Entertainer, talk show host (1920–2006)

Michael Delaney Dowd Jr. (August 11, 1920 - August 11, 2006), known as Mike Douglas, was an American big band singer, entertainer, television talk show host of The Mike Douglas Show, and actor.

==Early life==

Dowd was born in Chicago, Illinois. His birth year has been called into question, with years ranging from 1920 to 1925 having been given as his year of birth at some point. His family later moved to Forest Park, Illinois, where he attended Proviso Township High School, but left the school after his second year. After that, he began singing as a choirboy.

==Career==
By his teens, Dowd was working as a singer at nightclubs and on a Lake Michigan dinner cruise ship. He was a "staff singer" at the Oklahoma City radio station WKY. After serving in the U.S. Navy in World War II on a munitions ship, he resumed his performing career as a staff singer for WMAQ-TV in Chicago. He moved to Los Angeles.
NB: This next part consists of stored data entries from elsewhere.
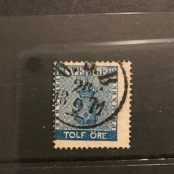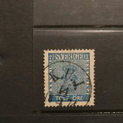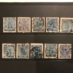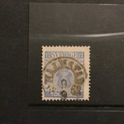 1858. Vapentyp II, öre. Facit nr: 9. Femton frimärken 12 öre, nyanser stämplar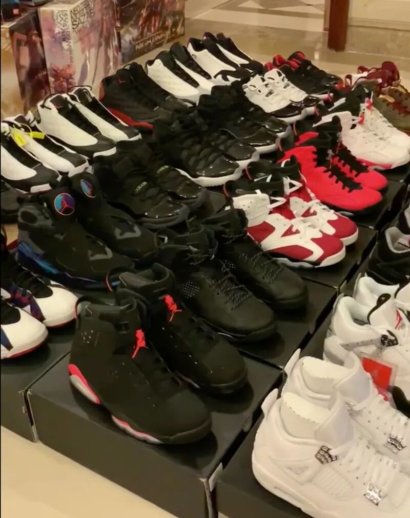 虽然找不到他穿球鞋的照片,不过尹正曾在微博晒出一段视频,其中出镜了几十双 Air Jordan 正代鞋款,可以看到都是非常经典的配色。
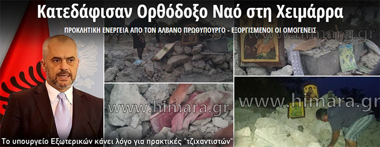 «Η ενέργεια των αλβανικών αρχών να κατεδαφίσουν το ναό του Αγίου Αθανασίου στους Δρυμάδες της Χειμάρρας, παρά τις αντιρρήσεις που είχε εκφράσει η Ορθόδοξη Εκκλησία της γειτονικής χώρας, συνιστά ευθεία και θρασύτατη πρόκληση σε βάρος της ελληνικής μειονότητας καθώς και επίδειξη αδιαλλαξίας» επεσήμανε η κ. Χρυσοβελώνη.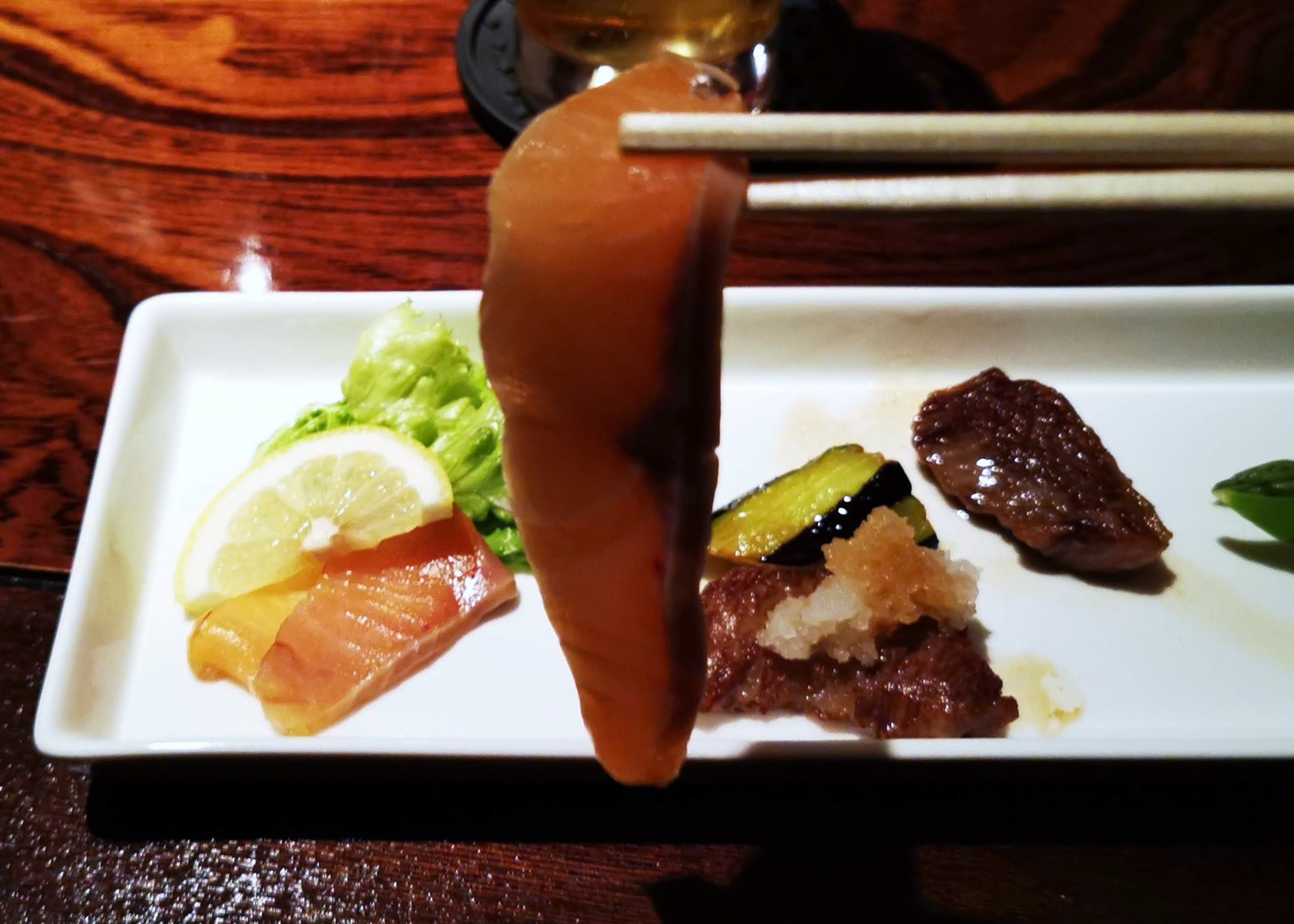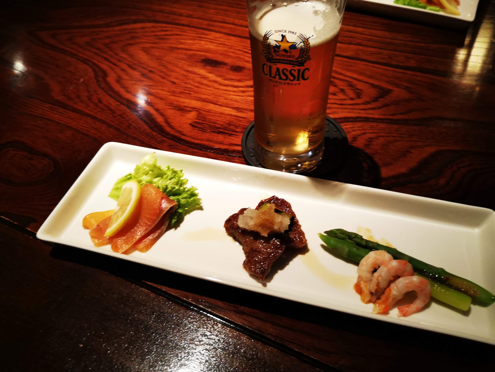 前菜は、自家製サーモンとビーフのハラミ、海老とアスパラのサラダです。

He was on the Ginny Simms radio show. After that, Douglas joined the big band of Kay Kyser as a singer.

Although big band swing faded from popularity, Kyser had to continue performing due to contractual obligations, and continued to log a few hits with Douglas, including two notable hits, "Ole [or Old] Buttermilk Sky" in 1946 and "The Old Lamp-Lighter" the following year. Kyser was responsible for giving Douglas his show business name, and Douglas continued to perform with the band until Kyser retired in 1951 due to health problems. In 1950, he provided the singing voice of Prince Charming in Walt Disney's Cinderella.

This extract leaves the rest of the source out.